Product Marketing Series A DevOps SaaS $6M ARR

"They had traffic.
They had trials.
But no conversions."

Here's how a messaging mismatch was silently killing 3× revenue growth — and how fixing the audience, not the product, created $1.1M ARR in 4 months.

Industry
DevOps / Developer Tools
Stage
Series A
ARR
$6M
Team Size
~85 people
Engagement
4 months
Key Results
3.2×
Trial-to-paid conversion lift
1.2% → 3.8%
$1.1M
ARR added in 4 months
+217%
Right-fit pipeline growth
−28%
Average sales cycle reduction
The Situation

Everything looked fine.
On paper.

When this team came to me, they had just closed their Series A. $6M ARR, strong product-market fit signals, good NPS, healthy trial volume.

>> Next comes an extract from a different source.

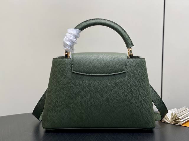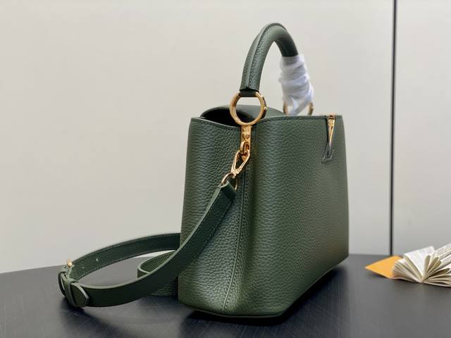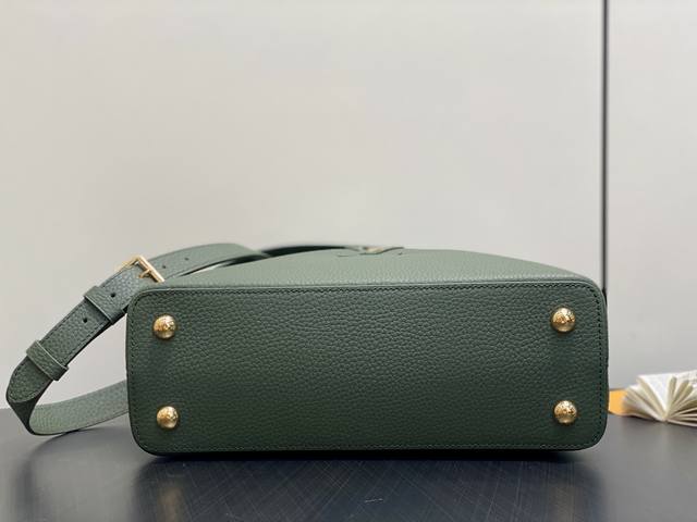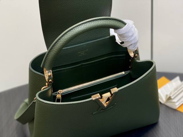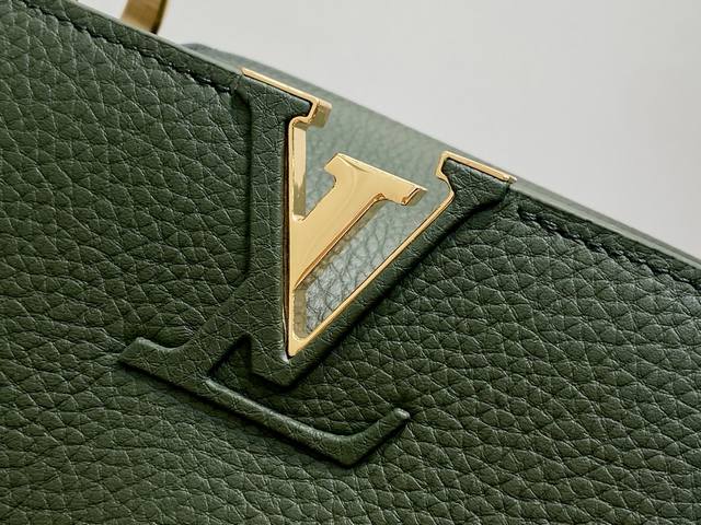 出厂价p 顶级原单 M24545墨绿色 全皮Cap那英款系列 Capucines 中号手袋 Capucines 中号手袋于 2013 年问世,以 1854 年路易威登初次开设门店的巴黎街道命名。全粒面 Taurillon 牛皮革搭配经典翻盖:外置绽放 Monogram 花卉,内收读取皮革包覆的 Lv 字母。轻巧构型适宜全天背携,可拆卸肩带提供手持、肩背或斜挎体验。31 X 20 X 11 厘米。 DDD

The typical story you'd expect from a DevOps tool that engineering teams actually used and liked.

But there was a number that kept them up at night: 1.2% trial-to-paid conversion. Every month, hundreds of engineering teams were starting trials. And 98.8% of them were leaving without paying.

The leadership team had a theory: onboarding. So they'd spent 6 months rebuilding the onboarding flow. They hired an onboarding specialist. They added tooltips, walkthroughs, email sequences. Conversion barely moved.

They were doing everything right. But nothing was working. And the investor pressure was mounting.

What they believed

"Our product is solid. Users love it once they get it. We just need to do a better job of showing them how to use it."

— CEO's framing coming into the engagement

The Real Problem

They were doing everything right.
For the wrong buyer.

Better onboarding couldn't fix this. Because the problem wasn't in the product — it was in who they were trying to reach with their messaging, and who was actually making purchase decisions.

🎯
Messaging Written for the Wrong Person
All copy, landing pages, and trial sequences were written for CTOs and engineering VPs — the people who would eventually approve the budget. But no one was speaking to engineering managers, who were actually evaluating and championing the tool.
🔀
No Internal Champion Activation
Trials were started by individual engineers who loved the product. But nothing in the conversion flow helped them build the internal case to their manager. The tool got recommended, then stalled — and eventually abandoned.
📊
Features, Not Outcomes
Every touchpoint described what the product did. Almost nothing described what life looked like after you paid for it — specifically for an engineering manager who needed to justify the spend and show ROI to their director.
Urgency Completely Absent
Trials were 14 days. But there was no reason to convert at day 7, 10, or 14. No trigger events surfaced. No cost-of-inaction message. Prospects would "think about it" and never come back.
The Diagnosis

This is where most SaaS companies
get it wrong.

They assume conversion is a product problem. Or an onboarding problem. It's almost never either of those things.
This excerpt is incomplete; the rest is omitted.